[The problem] What is needed is an exact copy of the entries, with the pictures excluded.

[Provided records]
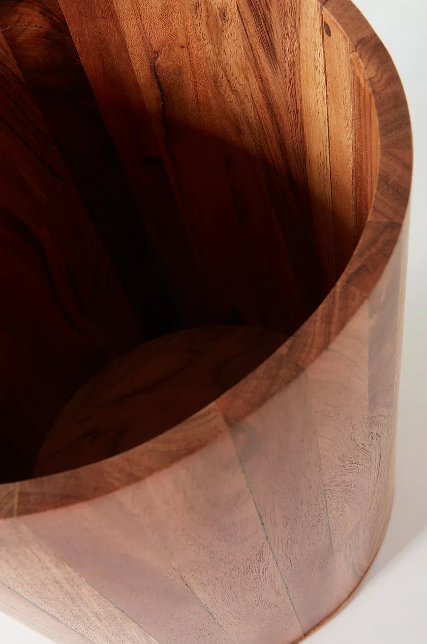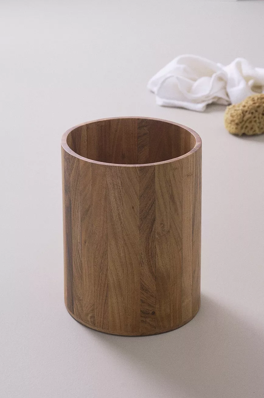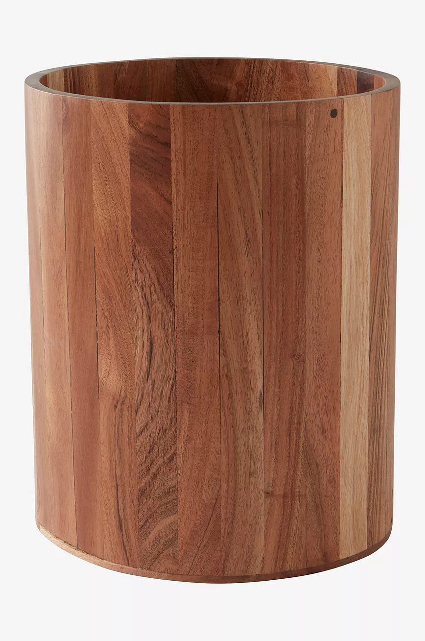Rund papirkurv av akasie, et fint, dyrket treslag med lekker ådring og vakker, litt mørk trefarge. Baderomsserien AKIKO kommer i flere deler som gjør badet koselig og pent.
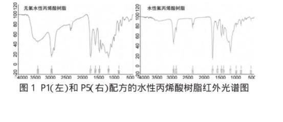 為了表征含氟丙烯酸酯單體是否已經有效成為合成樹脂的一份子,我們對P1(不含氟的水性丙烯酸樹脂)和P5(水性氟丙烯酸樹脂)進行了紅外光譜分析(圖1)。
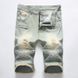 2018 New Trend Locomotive Pleated Ripped Denim Shorts Men's Pocket Zipper Straight Five-point Pants Medium Pants
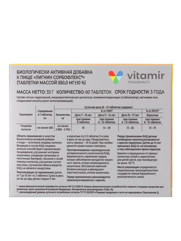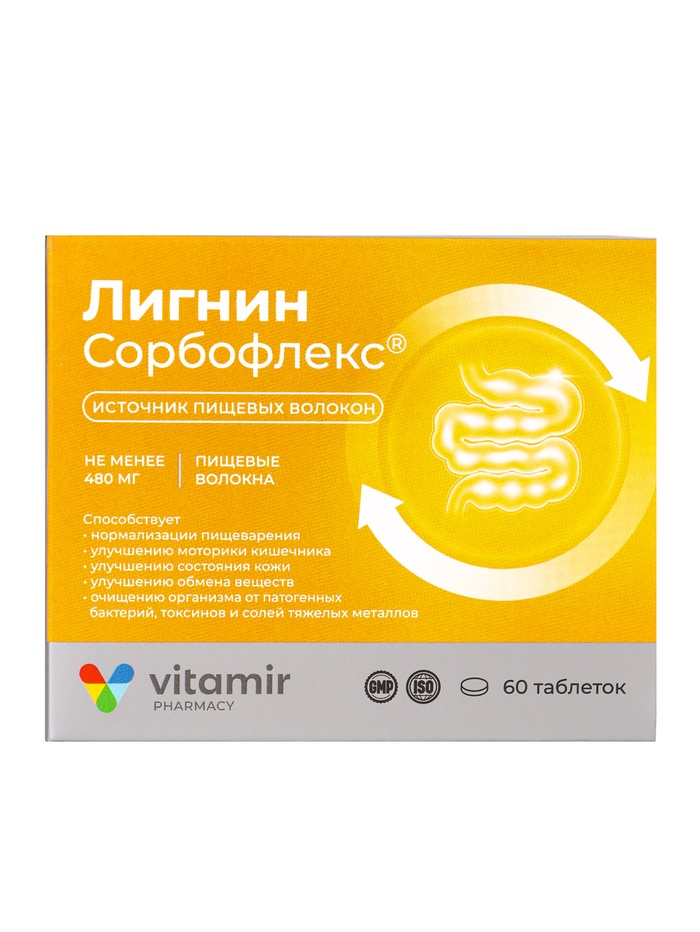 Лигнин Сорбофлекс «Витамир» TETRALAB — эффективный комплекс для выведения токсинов, шлаков и продуктов обмена из организма, а также для поддержки здоровья желудочно-кишечного тракта. Препарат способствует нормализации пищеварения, снижению нагрузки на печень и улучшению общего самочувствия.
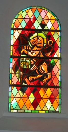 Verrières des baies 1 à 00 : Tétramorphe ; colombe ; blé ; vigne ; croix ; sainte Bernadette Soubirous,

[Exercise answer]
Rund papirkurv av akasie, et fint, dyrket treslag med lekker ådring og vakker, litt mørk trefarge. Baderomsserien AKIKO kommer i flere deler som gjør badet koselig og pent.
 為了表征含氟丙烯酸酯單體是否已經有效成為合成樹脂的一份子,我們對P1(不含氟的水性丙烯酸樹脂)和P5(水性氟丙烯酸樹脂)進行了紅外光譜分析(圖1)。
 2018 New Trend Locomotive Pleated Ripped Denim Shorts Men's Pocket Zipper Straight Five-point Pants Medium Pants
 Лигнин Сорбофлекс «Витамир» TETRALAB — эффективный комплекс для выведения токсинов, шлаков и продуктов обмена из организма, а также для поддержки здоровья желудочно-кишечного тракта. Препарат способствует нормализации пищеварения, снижению нагрузки на печень и улучшению общего самочувствия.
 Verrières des baies 1 à 00 : Tétramorphe ; colombe ; blé ; vigne ; croix ; sainte Bernadette Soubirous,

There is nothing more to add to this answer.